It's mentally taxing to keep up with the news flow and filter what matters.
I think this matters... America First Investment Policy and, in particular, this section.
(k) To further reduce incentives for United States persons to invest in our foreign adversaries, we will review whether to suspend or terminate the 1984 United States-The People’s Republic of China Income Tax Convention.
This would mean increasing taxes on Chinese investments from zero to the standard 30% withholding tax (I recommend reading Michael McNair's tweet). It would apply to $2 trillion worth of Chinese investments, of which $759 billion is currently in U.S. stocks.
Michael McNair's work points out that you can't fix a trade imbalance if you don't address capital flows, i.e., foreign investors piling into U.S. assets (originally treasuries, now U.S. equities).
Foreigners own:
41% ($25T) of the U.S. stock market
23% ($8T) of Treasury securities.
The Treasury holdings have been on the decline ever since QE started, with the Russian asset confiscation being the final nail in the coffin.
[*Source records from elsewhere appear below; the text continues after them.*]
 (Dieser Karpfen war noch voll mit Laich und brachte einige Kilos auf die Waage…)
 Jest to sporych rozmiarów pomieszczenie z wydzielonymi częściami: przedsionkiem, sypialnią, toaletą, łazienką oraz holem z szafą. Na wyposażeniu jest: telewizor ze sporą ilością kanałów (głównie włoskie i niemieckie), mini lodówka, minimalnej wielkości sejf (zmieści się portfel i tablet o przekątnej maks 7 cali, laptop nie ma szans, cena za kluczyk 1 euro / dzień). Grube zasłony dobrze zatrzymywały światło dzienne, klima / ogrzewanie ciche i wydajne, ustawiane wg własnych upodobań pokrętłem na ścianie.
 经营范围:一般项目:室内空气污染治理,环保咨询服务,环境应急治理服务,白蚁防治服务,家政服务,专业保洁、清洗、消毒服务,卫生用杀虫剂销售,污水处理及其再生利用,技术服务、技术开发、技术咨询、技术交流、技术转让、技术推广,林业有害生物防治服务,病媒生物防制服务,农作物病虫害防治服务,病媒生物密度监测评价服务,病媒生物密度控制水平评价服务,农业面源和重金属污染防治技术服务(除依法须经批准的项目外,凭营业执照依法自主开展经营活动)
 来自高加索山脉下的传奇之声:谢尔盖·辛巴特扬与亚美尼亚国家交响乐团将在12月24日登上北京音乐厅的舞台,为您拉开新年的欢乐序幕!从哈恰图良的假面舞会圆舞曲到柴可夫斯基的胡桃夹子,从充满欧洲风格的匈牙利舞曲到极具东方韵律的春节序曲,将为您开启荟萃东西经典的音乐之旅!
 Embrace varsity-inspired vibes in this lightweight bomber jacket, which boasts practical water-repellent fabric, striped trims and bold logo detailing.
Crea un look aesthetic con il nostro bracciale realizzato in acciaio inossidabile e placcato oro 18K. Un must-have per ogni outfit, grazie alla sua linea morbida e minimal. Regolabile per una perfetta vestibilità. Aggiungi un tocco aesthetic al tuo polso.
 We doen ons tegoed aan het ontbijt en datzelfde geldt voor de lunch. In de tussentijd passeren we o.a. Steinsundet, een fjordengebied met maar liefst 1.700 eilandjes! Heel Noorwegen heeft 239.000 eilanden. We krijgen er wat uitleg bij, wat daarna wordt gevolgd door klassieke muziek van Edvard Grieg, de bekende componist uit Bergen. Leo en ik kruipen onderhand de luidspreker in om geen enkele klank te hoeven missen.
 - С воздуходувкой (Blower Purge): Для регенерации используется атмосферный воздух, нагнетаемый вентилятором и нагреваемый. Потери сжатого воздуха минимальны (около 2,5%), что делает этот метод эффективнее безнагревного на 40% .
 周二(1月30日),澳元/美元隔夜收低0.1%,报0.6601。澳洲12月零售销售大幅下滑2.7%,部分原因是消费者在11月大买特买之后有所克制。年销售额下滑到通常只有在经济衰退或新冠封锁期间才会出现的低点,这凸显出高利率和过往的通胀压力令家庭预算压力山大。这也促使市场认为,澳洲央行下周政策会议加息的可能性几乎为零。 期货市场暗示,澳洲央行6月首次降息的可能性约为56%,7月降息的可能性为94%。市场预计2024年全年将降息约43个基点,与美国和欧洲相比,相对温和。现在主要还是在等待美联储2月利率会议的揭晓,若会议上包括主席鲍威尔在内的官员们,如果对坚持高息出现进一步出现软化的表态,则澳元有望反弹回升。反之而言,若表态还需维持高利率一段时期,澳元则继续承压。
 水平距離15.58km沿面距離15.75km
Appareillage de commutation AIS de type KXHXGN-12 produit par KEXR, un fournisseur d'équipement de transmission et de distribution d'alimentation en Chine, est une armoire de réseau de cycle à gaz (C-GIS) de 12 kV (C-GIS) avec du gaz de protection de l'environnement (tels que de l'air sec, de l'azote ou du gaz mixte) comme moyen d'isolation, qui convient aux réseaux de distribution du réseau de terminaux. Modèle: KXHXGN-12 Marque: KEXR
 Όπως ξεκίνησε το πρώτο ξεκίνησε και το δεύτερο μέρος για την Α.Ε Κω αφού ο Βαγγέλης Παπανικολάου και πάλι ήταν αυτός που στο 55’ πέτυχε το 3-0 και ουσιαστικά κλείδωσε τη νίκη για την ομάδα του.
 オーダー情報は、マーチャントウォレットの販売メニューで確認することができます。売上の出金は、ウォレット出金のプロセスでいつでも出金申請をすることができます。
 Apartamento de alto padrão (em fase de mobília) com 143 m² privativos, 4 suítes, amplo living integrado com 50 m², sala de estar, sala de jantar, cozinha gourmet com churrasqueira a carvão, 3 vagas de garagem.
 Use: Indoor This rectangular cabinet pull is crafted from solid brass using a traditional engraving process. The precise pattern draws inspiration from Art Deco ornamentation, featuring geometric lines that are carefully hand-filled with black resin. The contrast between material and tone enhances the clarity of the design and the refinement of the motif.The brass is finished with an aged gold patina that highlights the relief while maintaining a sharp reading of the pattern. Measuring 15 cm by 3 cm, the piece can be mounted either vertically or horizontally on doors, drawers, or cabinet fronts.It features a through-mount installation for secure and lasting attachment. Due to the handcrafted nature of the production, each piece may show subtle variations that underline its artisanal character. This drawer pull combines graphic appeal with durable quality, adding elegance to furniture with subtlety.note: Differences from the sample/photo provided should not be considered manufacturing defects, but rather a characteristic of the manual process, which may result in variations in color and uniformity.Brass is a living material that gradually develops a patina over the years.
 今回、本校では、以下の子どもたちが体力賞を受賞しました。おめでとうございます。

Telling $759B of capital to GTFO when the Magnificant 7 was already struggling to find a marginal buyer helps confirm what others far smarter than me, such as Paulo, have observed with this must-read piece: Trading the Rollover Syndrome: How I Think…
“Tops are a process, bottoms are an event.”
It also makes sense, as sentiment on the other side of the NASDAQ trade is pure despair.
Opening the ticker prices for uranium and offshore services lately has been like falling out of the first-floor window, only to crash through the ground floor into the basement, to then find its a torture chamber.
Which fits well with this quote:
"Value investing is pain, and the higher the level of pain,
the better the future performance."
-John Marie
On Twitter, I see retail investors throwing in the towel in energy; I’ve even seen it labeled a retail mass extinction event.
I keep track of the sentiment of some of the professionals I follow, and this one from one of the smartest oil investors I know stuck with me.
This makes me think of this graphic I made a while ago.
“I've always said, the key organ here isn't the brain, it's the stomach.”
-Peter Lynch
What are the opportunities?
Using ratios helps illustrate what's going on beneath the scenes before the majority catch on.
As I touched on in my last piece, a solid rule for the next decade is to invest along with Chinese capital flows or in things the Chinese need. It’s hard to see how Chinese equities and gold don’t benefit from the US telling China to GTFO of US assets.